LINCOLN, Neb. (KOLN) – Clay Anders’ full-time job includes driving a truck, running a nonprofit for at-risk youth and raising his own family while working as a caregiver and providing services to people with mental illness. The one who defends the brother of the disease. health needs.
“It’s impossible,” Anders said. “He’s struggling and you have to be there for him every day.”
The documents show that Anders’ brother, who is not being identified due to privacy concerns, was diagnosed with schizophrenia. Clay said his brother has difficulty taking care of himself and when he doesn’t take his medication, he can exhibit behaviors that could be considered dangerous,
Clay said his brother ended up in the criminal justice system after repeated attempts to get help from police failed.
“Getting a call a few days later from the county attorney saying we had good news. He now faces terroristic threats charges in the county,” Anders said. “In my opinion, that’s not good news. It’s one of the worst things that could happen and it’s the thing I want to avoid in the first place because he won’t be there to get the basic resources that he needs.”
That was a few months ago, when 10/11 first interviewed Anders. Since then, his brother has been admitted to treatment but kicked out again. He told us this cycle is frustrating.
“It’s just a broken system that’s not working properly,” Anders said.
Unfortunately, Anders and his brother’s situation is not unique.
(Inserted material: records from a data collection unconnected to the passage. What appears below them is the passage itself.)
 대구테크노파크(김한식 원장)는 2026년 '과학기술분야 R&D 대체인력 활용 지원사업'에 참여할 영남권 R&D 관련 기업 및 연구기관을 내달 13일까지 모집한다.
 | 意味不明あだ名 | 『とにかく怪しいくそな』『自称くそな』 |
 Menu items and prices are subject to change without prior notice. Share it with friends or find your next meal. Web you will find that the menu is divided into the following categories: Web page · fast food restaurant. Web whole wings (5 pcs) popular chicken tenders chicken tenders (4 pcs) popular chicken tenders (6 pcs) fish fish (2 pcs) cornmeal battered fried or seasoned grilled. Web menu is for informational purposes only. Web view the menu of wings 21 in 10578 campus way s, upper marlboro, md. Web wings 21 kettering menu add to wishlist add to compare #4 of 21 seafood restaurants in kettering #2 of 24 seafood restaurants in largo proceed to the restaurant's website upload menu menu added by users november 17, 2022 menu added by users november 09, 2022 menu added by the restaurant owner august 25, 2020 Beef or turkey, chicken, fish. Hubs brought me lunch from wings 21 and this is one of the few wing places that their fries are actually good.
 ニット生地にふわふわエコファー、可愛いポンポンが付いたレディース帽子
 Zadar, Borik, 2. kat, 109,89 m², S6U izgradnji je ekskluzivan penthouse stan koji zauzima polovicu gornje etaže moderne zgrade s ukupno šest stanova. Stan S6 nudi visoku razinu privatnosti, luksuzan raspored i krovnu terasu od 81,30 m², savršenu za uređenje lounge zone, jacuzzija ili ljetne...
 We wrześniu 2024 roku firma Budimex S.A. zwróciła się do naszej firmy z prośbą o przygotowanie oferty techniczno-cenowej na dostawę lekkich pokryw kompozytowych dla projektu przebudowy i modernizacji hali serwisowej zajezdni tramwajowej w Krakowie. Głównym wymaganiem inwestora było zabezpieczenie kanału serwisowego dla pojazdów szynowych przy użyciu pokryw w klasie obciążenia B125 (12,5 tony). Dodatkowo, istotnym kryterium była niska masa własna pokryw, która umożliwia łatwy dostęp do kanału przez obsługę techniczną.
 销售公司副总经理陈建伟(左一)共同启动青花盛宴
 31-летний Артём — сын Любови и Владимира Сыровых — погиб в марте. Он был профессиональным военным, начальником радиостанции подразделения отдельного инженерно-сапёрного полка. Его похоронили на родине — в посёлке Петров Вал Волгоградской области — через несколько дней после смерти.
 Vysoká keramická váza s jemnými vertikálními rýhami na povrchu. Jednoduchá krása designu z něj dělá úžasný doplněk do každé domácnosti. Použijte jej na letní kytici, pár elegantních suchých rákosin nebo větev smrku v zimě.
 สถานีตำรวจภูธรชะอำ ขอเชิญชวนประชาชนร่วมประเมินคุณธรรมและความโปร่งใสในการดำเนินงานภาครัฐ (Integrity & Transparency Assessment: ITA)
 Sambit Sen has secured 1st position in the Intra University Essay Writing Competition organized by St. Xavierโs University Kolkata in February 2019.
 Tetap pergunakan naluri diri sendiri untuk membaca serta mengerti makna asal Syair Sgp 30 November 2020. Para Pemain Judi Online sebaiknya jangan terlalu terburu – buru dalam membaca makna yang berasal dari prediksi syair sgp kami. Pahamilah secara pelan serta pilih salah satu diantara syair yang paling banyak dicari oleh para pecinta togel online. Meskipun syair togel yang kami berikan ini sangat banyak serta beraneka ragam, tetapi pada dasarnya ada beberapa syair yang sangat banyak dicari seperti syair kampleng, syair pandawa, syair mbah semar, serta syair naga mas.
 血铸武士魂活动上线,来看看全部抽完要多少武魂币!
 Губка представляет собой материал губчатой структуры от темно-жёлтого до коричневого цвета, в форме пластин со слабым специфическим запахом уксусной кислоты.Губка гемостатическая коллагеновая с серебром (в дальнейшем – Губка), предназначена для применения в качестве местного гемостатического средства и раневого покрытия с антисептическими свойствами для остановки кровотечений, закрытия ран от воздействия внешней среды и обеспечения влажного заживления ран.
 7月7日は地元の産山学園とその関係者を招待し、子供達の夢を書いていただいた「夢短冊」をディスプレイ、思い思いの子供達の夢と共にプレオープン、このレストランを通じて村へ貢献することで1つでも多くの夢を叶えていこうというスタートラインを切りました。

Christine Nielsen, emergency services director for Region 5 System, the agency responsible for distributing state aid, said she often hears from families whose adult loved ones are struggling.
“Every day, every day. It’s very sad because they’re stuck,” Nelson said.
While there are many agencies in the community that provide assistance to most people in need, those interviewed by 10/11 said they can’t help everyone. 10/11 After conducting more than 30 interviews with frontline personnel, we learned that the country needs more resources, more funds, more people and more options because currently too many people who need help end up in jail. .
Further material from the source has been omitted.